• Am. J. Med. · Sep 2019

    Review

    Thrombotic Thrombocytopenic Purpura: Beyond Empiricism and Plasma Exchange.

    • Han-Mou Tsai.
    • Division of Hematology/Oncology, State University of New York Downstate Medical Center, Brooklyn. Electronic address: hmtsai@gmail.com.
    • Am. J. Med. 2019 Sep 1; 132 (9): 1032-1037.

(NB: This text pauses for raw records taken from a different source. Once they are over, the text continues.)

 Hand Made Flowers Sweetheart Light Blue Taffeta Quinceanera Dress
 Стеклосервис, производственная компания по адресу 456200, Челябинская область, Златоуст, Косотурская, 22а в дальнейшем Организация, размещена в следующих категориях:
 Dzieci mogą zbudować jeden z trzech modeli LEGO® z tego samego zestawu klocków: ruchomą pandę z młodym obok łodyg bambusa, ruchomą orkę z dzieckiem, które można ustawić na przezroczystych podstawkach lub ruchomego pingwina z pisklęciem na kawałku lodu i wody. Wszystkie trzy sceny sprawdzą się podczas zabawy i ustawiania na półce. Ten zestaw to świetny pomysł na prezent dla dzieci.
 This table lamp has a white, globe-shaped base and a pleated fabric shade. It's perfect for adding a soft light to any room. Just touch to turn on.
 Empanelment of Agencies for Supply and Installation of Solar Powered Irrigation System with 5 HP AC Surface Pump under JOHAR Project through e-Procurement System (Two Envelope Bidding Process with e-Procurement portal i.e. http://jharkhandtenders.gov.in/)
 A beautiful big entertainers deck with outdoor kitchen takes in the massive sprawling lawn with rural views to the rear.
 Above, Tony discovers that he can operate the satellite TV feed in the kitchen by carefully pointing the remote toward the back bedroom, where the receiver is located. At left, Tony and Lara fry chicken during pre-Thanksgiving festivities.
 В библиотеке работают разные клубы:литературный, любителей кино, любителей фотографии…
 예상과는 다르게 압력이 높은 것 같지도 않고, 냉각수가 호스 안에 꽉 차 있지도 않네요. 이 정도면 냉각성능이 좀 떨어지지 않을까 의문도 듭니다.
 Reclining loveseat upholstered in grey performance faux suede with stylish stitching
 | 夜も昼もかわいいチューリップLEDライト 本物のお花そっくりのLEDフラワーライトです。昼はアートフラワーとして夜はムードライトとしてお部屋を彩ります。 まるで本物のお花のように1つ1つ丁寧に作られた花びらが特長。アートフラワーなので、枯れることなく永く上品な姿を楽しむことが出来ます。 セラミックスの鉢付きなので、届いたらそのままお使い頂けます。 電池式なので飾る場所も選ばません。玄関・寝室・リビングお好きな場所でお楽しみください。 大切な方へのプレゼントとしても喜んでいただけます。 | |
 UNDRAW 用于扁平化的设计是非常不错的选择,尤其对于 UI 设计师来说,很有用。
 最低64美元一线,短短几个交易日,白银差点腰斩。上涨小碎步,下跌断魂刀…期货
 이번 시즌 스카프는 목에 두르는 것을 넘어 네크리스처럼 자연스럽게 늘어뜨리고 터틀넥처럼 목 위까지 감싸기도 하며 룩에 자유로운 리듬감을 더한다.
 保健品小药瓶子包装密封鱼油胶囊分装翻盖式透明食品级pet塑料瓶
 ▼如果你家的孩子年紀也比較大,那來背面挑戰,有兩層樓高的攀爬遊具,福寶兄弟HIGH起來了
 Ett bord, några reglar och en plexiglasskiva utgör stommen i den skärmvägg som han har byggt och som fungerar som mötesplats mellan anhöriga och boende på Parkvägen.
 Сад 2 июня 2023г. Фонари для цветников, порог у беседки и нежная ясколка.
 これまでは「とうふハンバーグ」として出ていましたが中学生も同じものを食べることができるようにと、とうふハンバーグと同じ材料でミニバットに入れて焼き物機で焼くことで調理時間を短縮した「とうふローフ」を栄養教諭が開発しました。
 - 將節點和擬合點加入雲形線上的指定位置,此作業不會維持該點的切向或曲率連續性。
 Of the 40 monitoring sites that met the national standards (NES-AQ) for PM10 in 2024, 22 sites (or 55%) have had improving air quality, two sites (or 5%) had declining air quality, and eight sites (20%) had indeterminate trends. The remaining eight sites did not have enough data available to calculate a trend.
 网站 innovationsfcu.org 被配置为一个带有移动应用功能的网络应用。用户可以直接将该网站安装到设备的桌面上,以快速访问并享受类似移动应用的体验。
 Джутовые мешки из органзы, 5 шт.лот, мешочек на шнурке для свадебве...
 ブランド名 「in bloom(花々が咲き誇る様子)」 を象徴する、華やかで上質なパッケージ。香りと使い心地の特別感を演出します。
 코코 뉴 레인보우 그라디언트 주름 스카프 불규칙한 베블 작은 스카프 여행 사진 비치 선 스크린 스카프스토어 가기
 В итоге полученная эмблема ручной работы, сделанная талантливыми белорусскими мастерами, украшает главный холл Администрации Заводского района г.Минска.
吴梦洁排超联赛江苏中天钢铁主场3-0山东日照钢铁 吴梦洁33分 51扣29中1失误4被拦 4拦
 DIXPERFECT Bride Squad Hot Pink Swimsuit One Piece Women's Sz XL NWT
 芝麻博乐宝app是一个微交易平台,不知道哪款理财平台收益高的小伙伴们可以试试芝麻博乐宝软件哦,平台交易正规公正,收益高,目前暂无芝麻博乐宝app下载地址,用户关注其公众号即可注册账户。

    AbstractFor many years after its first description in 1924, thrombotic thrombocytopenic purpura was an intriguing puzzle for clinicians and researchers, not only for its unique pathology, perplexing changes in von Willebrand factor multimers, and high rate of rapid fatality but also for its dramatic response to plasma infusion or exchange. The discovery of ADAMTS13 (a disintegrin and metalloprotease with thrombospondin type 1 repeats member-13) and its deficiency in patients with thrombotic thrombocytopenic purpura, due to inhibitory autoantibodies or genetic mutations, provides a mechanistic scheme for understanding its pathogenesis. This new knowledge quickly led to the use of rituximab to promote its remission and prevent recurrence. Recombinant ADAMTS13 is also under development to replace plasma infusion as the therapy for hereditary thrombotic thrombocytopenic purpura. Recently, caplacizumab, a bivalent nanobody targeting the glycoprotein 1b binding epitope of von Willebrand factor A1 domain, was approved as an addition to the current regimen of plasma exchange and immunomodulation for adult patients of acquired thrombotic thrombocytopenic purpura. This review discusses how the new treatment may improve patient outcomes and its potential pitfalls.Copyright © 2019 Elsevier Inc. All rights reserved.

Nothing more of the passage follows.